As oil prices remain high and there is an increasing urgency to reduce greenhouse gas emissions, new university research into methods to control biofouling may help lower fuel use for military and commercial ships.
“Proactive In-Water Ship Hull Grooming as a Method to Reduce the Environmental Footprint of Ships” is a recent publication featuring a team of Florida Tech researchers, including Geoffrey Swain, Melissa Tribou and Kelli Hunsucker. The article summarizes the findings of many years of research, funded by the Office of Naval Research, that investigated the development of an underwater, remotely operated vehicle and brush system designed to enable the proactive in-water cleaning and maintenance of a ship’s hull. The concept is analogous to a robotic vacuum for ships. The researchers have demonstrated that a robot designed for the frequent and gentle wiping of the ship hull will maintain the coating in a smooth and fouling-free condition.
This research coincides with the Navy’s goal of having a 12-year dry dock cycle and a reduction in fuel consumption. In the commercial sector, Carnival Cruise Line, with whom the Florida Tech Center for Corrosion and Biofouling Control works, is looking to reduce the intensity of CO2e (carbon dioxide equivalent) emissions from their operations by 40% relative to their 2008 baseline.
“In the past there have been fuel hikes, and when that happens, if you have a fleet of 40 ships, the fuel bill is astronomical,” Tribou, ocean engineering and marine sciences research professional said. “If you have a ship that is fouled, the increased drag imparts a penalty and the fuel consumption and costs increase. Therefore, there is a motivation to have your ships clean and operate fouling free the whole time they are at sea.”
The development of the brush concept required the design and creation of special tools engineered to effectively remove the biofouling while minimizing the force and damage to the coating. The long-term goal is to develop fully autonomous ship hull cleaners, so a system that requires little power was factored in as well. Prior research guided the choice to favor small-diameter (about 102 mm), vertically rotating brushes rotating at between 300-600 rpm.

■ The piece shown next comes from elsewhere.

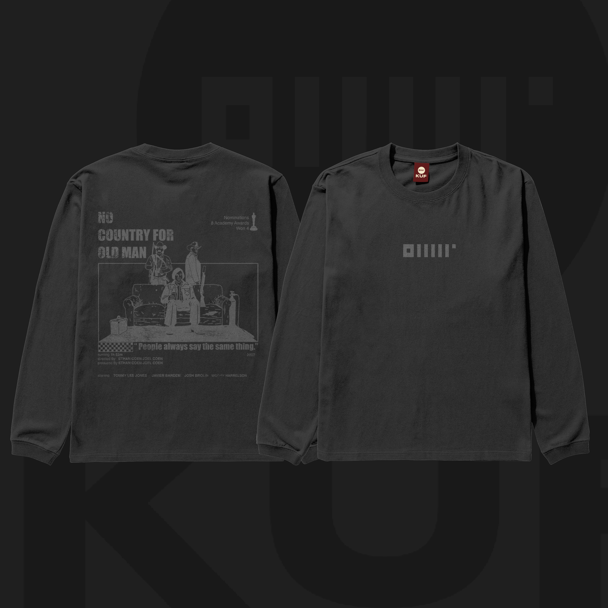 Sessiz, sert ve anlamlı bir sahne… “No Country for Old Men” tasarımı, filmden ilham alınarak Kuf Studio tarafından elle çizildi. Serigrafi baskı tekniğiyle, tek tek kumaşa aktarıldı. Her biri el baskısıyla hazırlandığı için her sweatshirt biraz kendine has, biraz senin gibi.

Various categories of fouling control coatings were tested at Center’s Port Canaveral test site in relation to how they performed with and without the grooming system. The groomed coatings were maintained in a pristine condition; however, when Interspeed BRA640 (a copper ablative) and Intersleek 1100SR (silicone fouling release) were left to foul over a one-year period they both became covered by barnacles, tubeworms and encrusting bryozoans. The BRA640 was initially cleaned with a rotating polypropylene brush, but it was unable to remove the barnacle base plates, so a wire brush was applied. This removed the fouling but also most of the antifouling coating.
The IS1100 was cleaned using the polypropylene brush, which removed most of the fouling while allowing a small amount of biofilm to remain. Some damage also occurred to the coating where the brush filaments were allowed to dig into the coating and where calcareous, or chalky, fouling became entrapped in the brush causing scratches to the coating before being ejected.
Large-scale testing of a remotely operated vehicle (ROV) equipped with a grooming tool has demonstrated that grooming (proactive, frequent light cleaning) can maintain fouling control coatings in a smooth and fouling-free condition for extended periods without causing increases in the discharge of active ingredient into the environment. This concept is now being developed by several commercial companies as a service to ship owners and operators.